Очень хочется после армии попасть к вам в бригаду, и я надеюсь и буду добиваться этого. Очень сильно скучаю по бригаде, по печке, которая снится по ночам. Витя, как бригада, пиши? Ну вот, вроде и всё». От залпа прощального салюта спорхнули на наши плечи снежинки с понурых ветвей, растеклись по лицам слезами.
«За событиями, которые произошли в Баку в январе 1990 года и которые, видимо, войдут в историю как «чёрный бакинский январь», затаив дыхание, следила вся страна: убитые, раненые, беженцы – слова эти делали сообщения похожими на сводки с театра военных действий. В ряде районов Азербайджана вводится чрезвычайное положение – для сохранения общественного порядка, а может быть, и для предотвращения актов бесчинств и настоящего вандализма» – этими словами открывалась запись «круглого стола», опубликованная в нашем войсковом журнале («На боевом посту», № 6, 1990).

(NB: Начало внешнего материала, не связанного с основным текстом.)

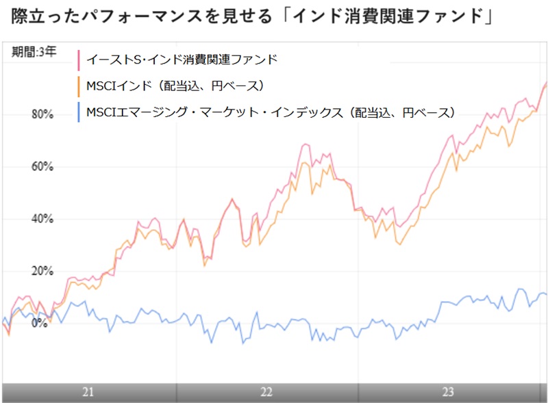 2024年の市場がスタートし、2023年を席巻した米国の「マグニフィセント・セブン」のような今年のリーダーがどこになるかが注目される。日本株が大きく値上がりしてスタートした一方、米国株は高値圏でのもみ合い。昨年に引き続き中国・香港株は弱く、欧州株も勢いがないようにみえる。その中で、インド株は堅調にスタートしている。昨年に人気を集めたインド株のインデックスファンド(SENSEXに連動めざす)「SBI・iシェアーズ・インド株式インデックス・ファンド『愛称:サクっとインド株式』」は、昨年末の基準価額1万277円が1月16日には1万655円に上昇。 また、もうひとつの代表的なインデックス「Nifty50」への連動をめざす「iFreeNEXT インド株インデックス」の基準価額も年末1万3092円から1万3677円に上昇している。今後の見通しについてアジアに充実した調査・運用拠点を置いているイーストスプリング・インベストメンツは、「インド消費市場の台頭がもたらす投資機会」と題したレポートを発表し、インドの個人消費の力強い成長についてレポートしている。 ここ数年の経済成長率の見通しでインドの成長期待は群を抜いている。世界銀行の2024年度のインド経済成長率の見通しは6.4%と、世界全体が2.4%成長を見通す中で、頭一つ抜け出した存在だ。2025年も6.5%成長とインドは堅調な経済成長が継続する見通した。そして、2006年から2023年までインドの経済成長率は年平均6.21%という世界最高水準の成長を実現し、イーストスプリングは「インドの力強い経済成長は家計支出を一変させている」と伝えている。2021年にインドの1人当たり家計支出は7.1%の伸びと、ASEANの5.2%増を大きく上回り、今後も年平均7.8%増での成長が期待され、2027年にはインドの世帯の約25.8%が年間可処分所得1万ドルを超えるとみられている。インドでは中間所得層(年間可処分所得が5000ドル以上3万5000ドル以下)の急拡大が注目され、現在、アメリカを抜いて世界最大の中間層市場を持つといわれている中国を今後10年の間で追い抜くとみられている。 そして、イーストスプリングはレポートで、「国が豊かになった結果、インドではこれまでの消費者とは異なる新たな消費者が台頭している。新たな消費者は購買に品質、多様性、利便性を求める傾向があり、体験型の商品への消費にも積極的。また、自分たちの価値観に沿った社会問題や環境問題への意識も高いという特徴がある」と指摘する。この消費行動の変化を「プレミアム化」と紹介しているが、「プレミアム化は、ファッション、自動車、食品・飲料など、複数のカテゴリーで見られる」と、インドの消費市場全体の変容があるとする。さらに、デリーやムンバイなど人口400万人以上を擁する大都市だけではなく、それよりも規模が小さいジャイプールなどのティア2(400万人未満)、さらに、100万人未満のティア3都市にまで「プレミアム化」の流れが波及しているという。 「プレミアム化」は、自動車販売の現場では「プレミアム車(70万ルピー以上)」の販売台数の伸びが「エコノミー車(70万ルピー未満)」を大きく上回るという顕著な変化となり、アパレルや酒類の販売もエコノミーよりもアッパーやラグジュアリーといわれるプレミアム商品の販売が好調になっている。このような個人消費の「プレミアム化」は、当然、そこに商品を提供する企業にとっては利益率の向上が期待され、インドの小売りや消費関連メーカーに大きな恩恵となると期待される。 さらに、イーストスプリングでは、インドの消費市場の進化として「デジタル化」と「都市化」をあげている。現在、インドの小売市場におけるオンライン販売のシェアは5%程度(2022年)に過ぎない。これは、インターネットユーザーが十分に定着していないこと、また、物流などのインフラが先進国や中国などに比べて遅れていることなどが背景になっているが、「インドにおけるオンライン小売の市場浸透率は今後5年間で9〜10%へと倍増すると予想されている」とネット販売の拡大を見通す。その根拠として「インドのオンライン購入の顧客は中高年、高所得層、ティア1都市の出身者が中心だった。しかし現在では、生まれたときからインターネットが普及している『Z世代』やティア2以下の都市の消費者にも広がるようになった」とネットユーザーの拡大をあげている。 また、「都市化」については、「インドの都市人口が総人口に占める割合は、2001年の28%から2020年には35%に増加し、2030年には40%に達する」という世界銀行の予測を引き合いに、農村部よりも賃金が高く、雇用機会も多く、教育や医療へのアクセスも良い都市部に生活することによって「都市部の消費者の所得水準と購買力が高まり、耐久消費財、娯楽、旅行、パーソナルケアなどの裁量的支出に費やす余裕が生じることになる」と消費の多様性と拡大を促すと見通している。そして、イーストスプリングのレポートは「インドの消費市場は2027年までに世界第3位の規模に成長

Мне, как старому бакинцу, тяжело вспоминать тот январь, что случился тридцать лет назад. Как и тридцать лет назад, говоря о боевых товарищах из войск правопорядка, павших и живых, от их имени и от своего повторяю: «Чисты перед нашим народом». Так назывался публицистический сборник издательства «Патриот», посвящённый тем самым горячим точкам, кровопролитие в которых предшествовало трагическому распаду великого Союза. Там были строки:
Власть Советов повиснет, как фраза,
Если так, через семьдесят лет,
Заменяют солдатом спецназа
И Верховный и местный Совет.
Минуло ещё тридцать лет. Нет Страны Советов. Но остаётся спецназ, остаются войска правопорядка, которые, мы знаем, всегда на страже.